Berpuasa di mana pun rasanya sama saja, tetap lapar dan haus. Namun, suasana puasa di pesantren terpadu saat saya kelas tiga tsanawiyah masih berkesan hingga sekarang.
Selama Ramadan, anak kelas tiga tsanawiyah dan kelas tiga aliyah tetap tinggal di asrama. Mereka tidak boleh pulang karena mesti mempersiapkan diri menghadapi ujian akhir secara intensif dengan waktu belajar lebih padat.

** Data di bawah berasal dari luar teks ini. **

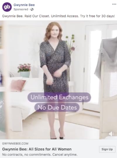 Gwynnie Bee uses value proposition as its primary tactic to promote its clothing subscription service. The vertical ad promotes unlimited exchanges, no due dates, all sizes, a 30-day trial, the ability to cancel anytime, and no contracts or commitments. The ad compliments these offers with a video of a model wearing the various style options the service offers.

Pesantren pun agak sepi. Tukang masak tidak sesibuk hari biasanya. Selama Ramadan mereka hanya masak dua kali. Menunya sama, nasi, lauk, dan sayuran. Paling ditambah bubur kacang hijau sebagai takjil berbuka.
Perjuangan berpuasa dimulai dari bangun sahur. Setiap kamar asrama yang berukuran besar diisi 50 santriwati. Bisa dibayangkan betapa susahnya membangunkan setiap insan.
Apalagi santriwati tsanawiyah seperti saya yang jiwa magernya sangat membara di sepertiga malam.
Wali kamar hanya membangunkan santri dengan memukul-mukul beberapa tempat tidur saja. Hanya sebagian yang terbangun. Sisanya, dibangunkan oleh santri lain dengan versi masing-masing.
Setelah bangun, santri harus antre makanan sahur di musala.
Karena kamar kami terletak di lantai atas, acap kali, sandal pun ikut digotong ke atas. Akibatnya, saat pengambilan makanan sahur, banyak yang langsung turun tanpa membawa sandal sendiri.
Begitu melihat di teras bawah banyak sandal nganggur mereka langsung memakainya tanpa permisi.
Dengan mata yang masih loading, posisi sandal tertukar. Kiri dipakai di kanan, kanan dipakai di kiri. Bahkan ada yang kanan dua-dua dipakai di kiri atau sebaliknya.
Apesnya, baru berjalan lima langkah terdengar sayup-sayup suara memanggil, “Zaalika Na’lii (itu sandal saya).”
Mata pun langsung terbuka lebar.
“Oh iya, kirain sandal saya, talinya mirip sih, maaf ya, huhuhu.”
Saat antrean makanan, berbagai tingkah para santri muncul tanpa dikomando. Ada yang minta lauk banyak, kuah banyak, dan rekwest lauk lain seakan ia sedang berada di restoran.
Selesai makan, ada yang langsung mandi sekalian cuci piring. Di pesantren tidak boleh kalah cepat dalam urusan air. Telat sedikit bisa terancam tidak mandi seharian.
Setelah mandi dan berwudu semua santri menuju musala untuk salat subuh berjamaah.
Paginya, suasana belajar tidak jauh berbeda dari hari biasanya. Hanya jadwal belajar sore dan malam yang ditiadakan.
Mengisi waktu lowong sore, para santri menyambangi memburu takjil di koperasi pesantren. Beberapa orang minta izin keluar untuk order nasi goreng.
Mereka sengaja membawa nasi putih untuk digoreng oleh abang tukang nasi goreng yang mangkal depan pesantren. Jadi, harganya bisa lebih murah. Kalau urusan berhemat, anak santri emang jagonya.
Sebelum waktu berbuka semua santri dipastikan telah kembali ke kamar masing-masing. Setelah itu, buka puasa dilakukan di kamar dalam kelompok bebas sesuai lingkaran pertemanan. Tapi tetap dengan kebersamaan yang tinggi.
Lauk made in pesantren, takjil koperasi dan nasi goreng dari luar pesantren pun mewarnai acara buka puasa.
Para santri saling berbagi makanan dan minuman. Yang paling diminati minuman. Minum saja sudah kenyang walaupun nasi goreng tetap dihabiskan bersama-sama dengan hati senang.
Usai buka puasa, para santri berhamburan ke tempat wudu untuk salat magrib berjamaah. Setelah itu melanjutkan makan-makan atau istirahat sebentar sebelum tarawih.
Saat tarawih, santriwan dan santriwati bergabung di satu musala. Momen ini biasanya dimanfaatkan untuk saling curi pandang, berhubung selama ini mereka dipisahkan jarak.
Meskipun cuma curi-curi pandang hati tetap berbunga-bunga. Banyak santriwan dan santriwati yang akhirnya berjodoh di kemudian hari.
Setelah lulus pula, banyak dari mereka yang sengaja datang untuk berbuka puasa di pesantren. Sekadar bernostalgia dan mengulang kembali kebersamaan yang dulu.
Tentu, minus momen curi-curi pandang saat tarawih.